Your capacity to lead clinical studies across various stages, from inception to overall progress and reporting, will be paramount. You’ll adeptly translate legislation and ICH-GCP guidelines into pragmatic, hands-on approaches while remaining cognizant of associated risks. Your ability to influence effectively, both internally within the company and externally with stakeholders such as CROs, central labs, sites, investigators, and Key Opinion Leaders, will be essential.
Key tasks/responsibilities:
- Establishing seamless collaboration within the multidisciplinary project team
- Driving innovation within the team and proactively seeking new implementations
- Ensuring highly complex studies adhere to GCP standards
- Coordinating regulatory and ethics submissions and approvals
- Selecting, collaborating with, and monitoring activities of clinical partners (CROs/sites)

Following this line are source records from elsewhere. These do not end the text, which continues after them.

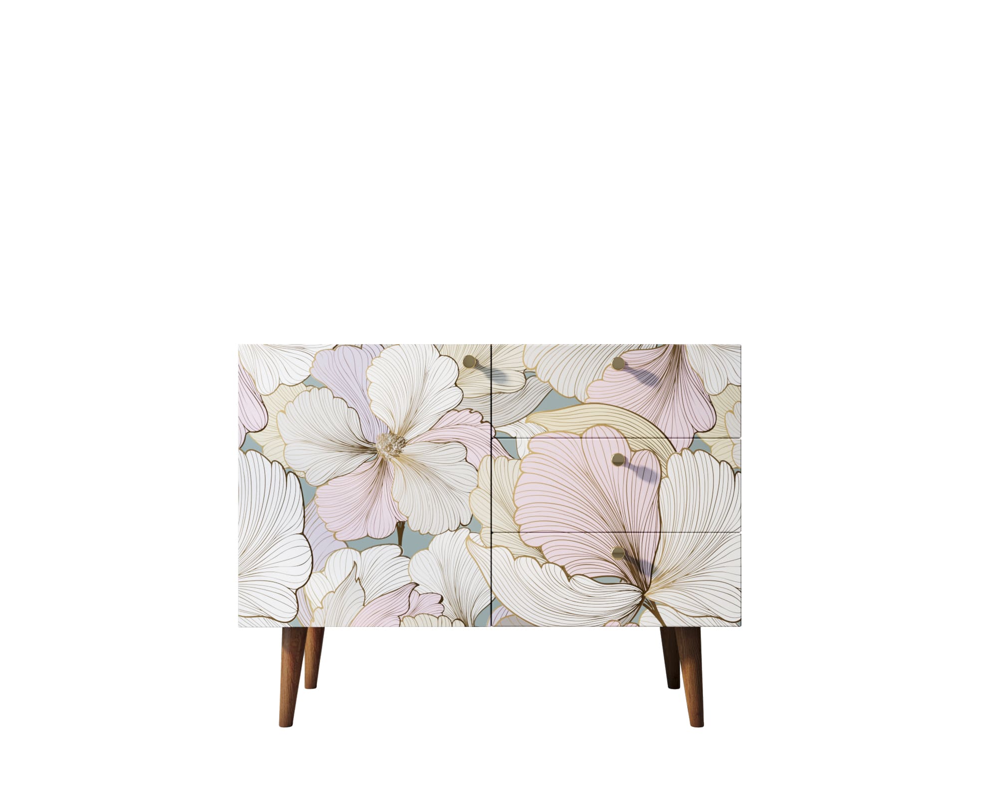 В компактном комоде три ящика и полка в левой секции за дверкой. Фасад украшает принт в спокойных тонах. Петли на дверях с доводчиком, ящики на шариковых направляющих. Для изготовления модели применены два вида материалов: ЛДСП для корпуса и массив ясеня для ножек.
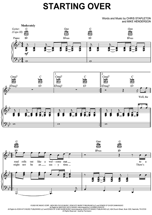 Digital Sheet Music for Starting Over by Chris Stapleton, Mike Henderson scored for Piano/Vocal/Chords; id:468524
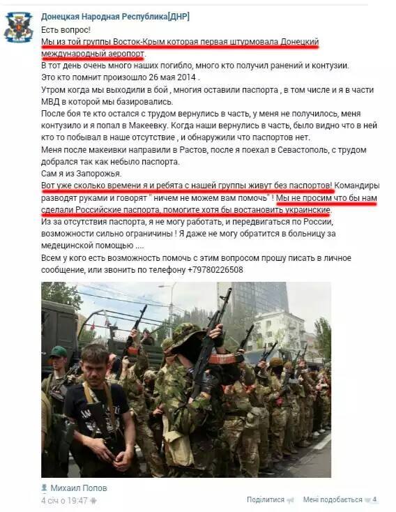 «Мы из той группы Восток-Крым, которая штурмовала Донецкий международный аэропорт. В тот день очень много наших погибло, много кто получил ранений и контузий. Это, кто помнит, произошло 26 мая 2014 год. Утром, когда мы выходили в бой, многие оставили паспорта, в том числе и я, в части МВД в которой мы базировались… «Вот уж сколько времени я и ребята из нашей группы живут без паспортов… Мы не просим, чтобы нам дали российские паспорта, помогите хотя бы восстановить украинские», — говорится в сообщении.
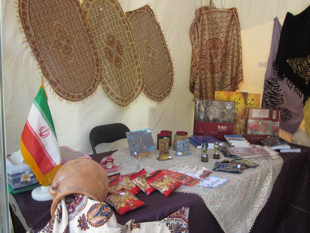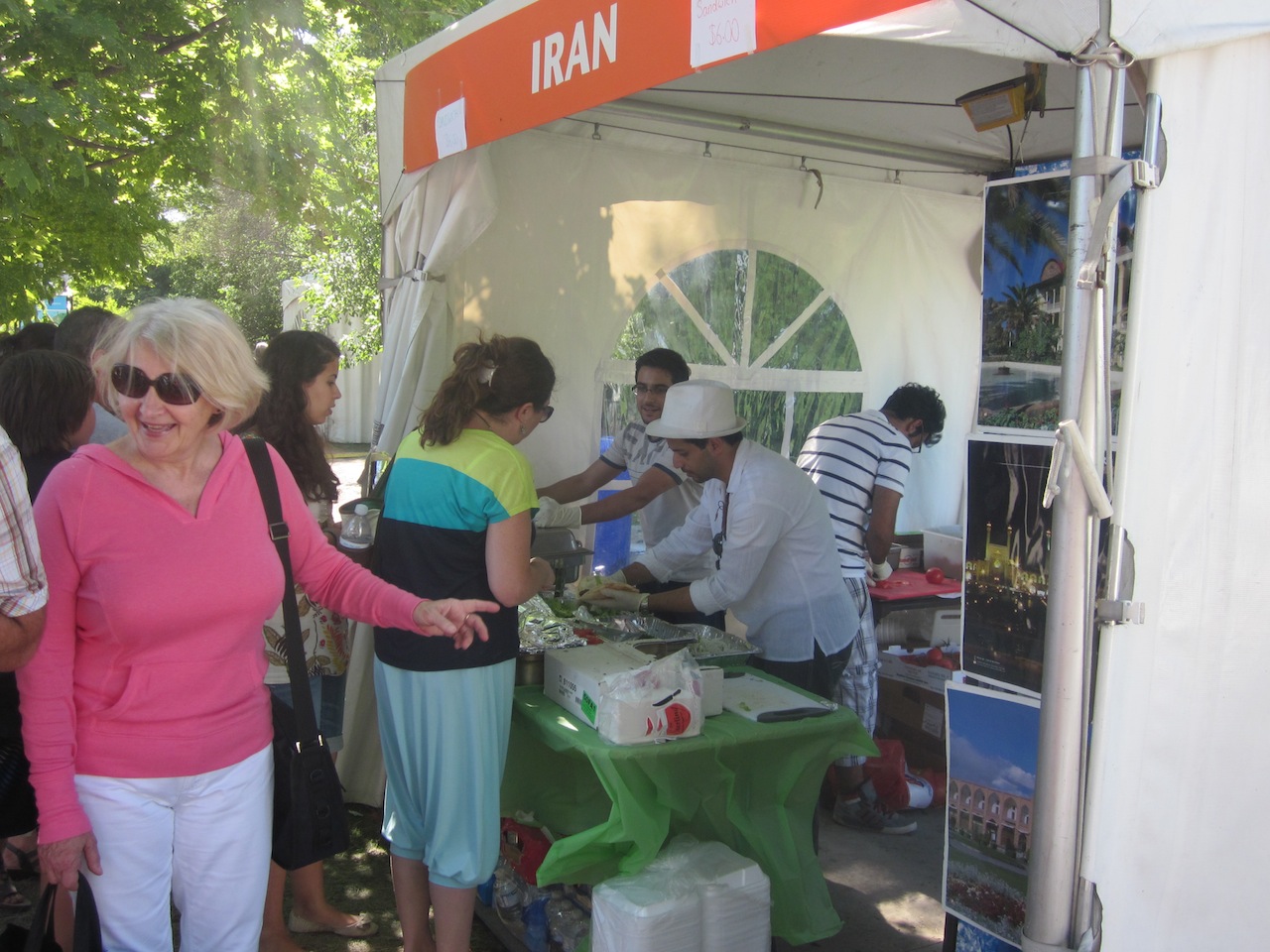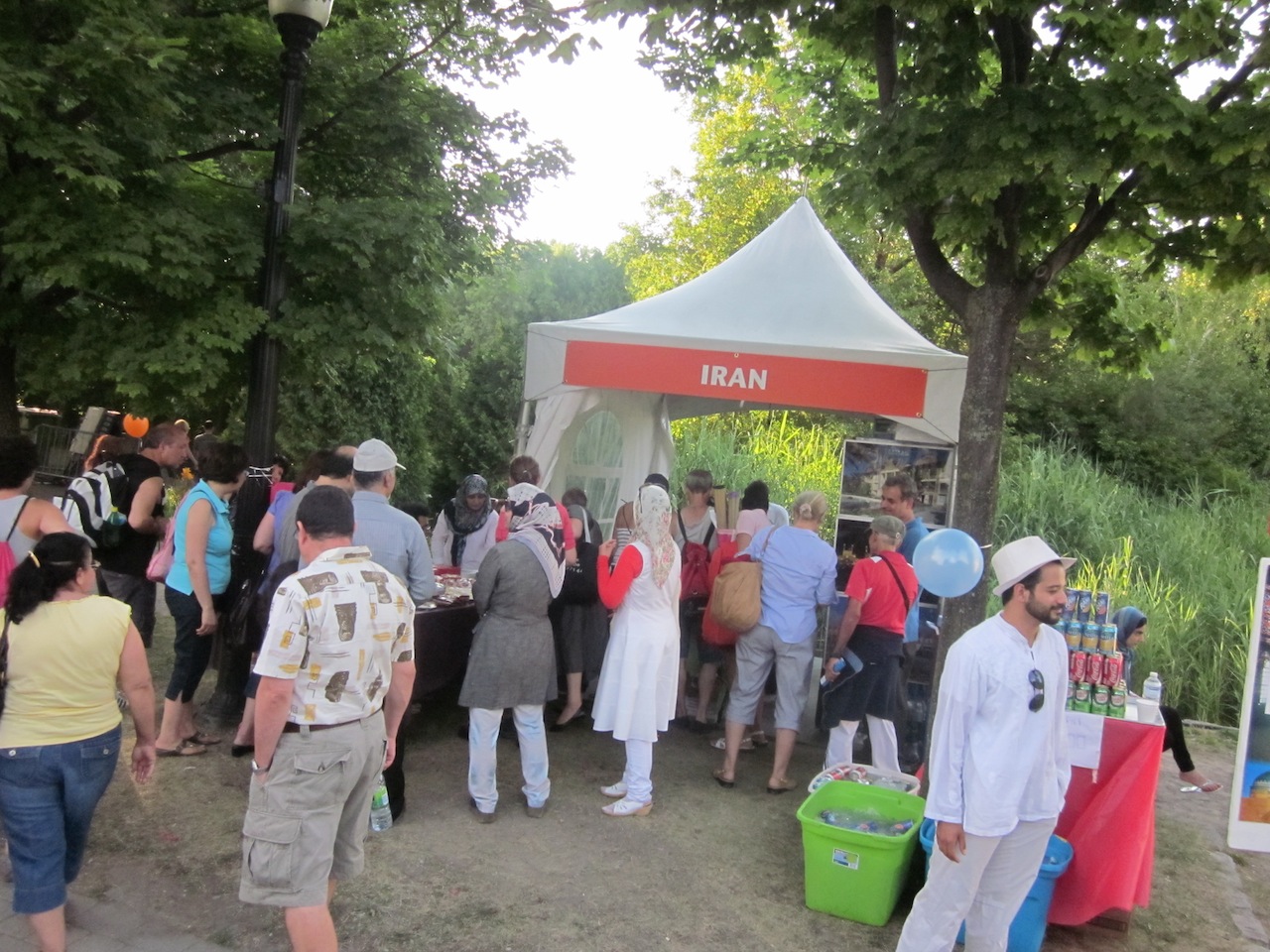در این غرفه نیز بیش از ده نفر از ایرانیان داوطلب ساعت های طولانی در امور مختلف مانند پخت آش، کباب و جوجه، فروش و تحویل انواع غذا، دسر و شیرینی به مشتری و ارائه توضیحات درباره مواد تشکیل دهنده هرغذا، آماده سازی شربت آب لیمو و دیگر نوشیدنی ها و... مشغول کار وتلاش بودند.

- Providing comprehensive progress reporting on resources, budgets, and timelines
- Contributing to business strategy implementation within projects
- Maintaining daily alignment with team members
- Bringing novel insights to the company with a pioneering mindset
Your Profile:
- Master’s and/or PhD in life sciences or related scientific discipline
- Extensive experience in (international) clinical research
- Profound knowledge of legislation and ICH-GCP guidelines
- Ability to solve complex challenges with unique, agile approaches
- Capacity to share knowledge and expertise across different stakeholder levels
- Strong project management and passionate leadership skills
- Excellent communication skills in English and solid influencing skills to interact with internal and external stakeholders
Inge Breukink
RecruiterWant to know more about the possibilities? Contact us.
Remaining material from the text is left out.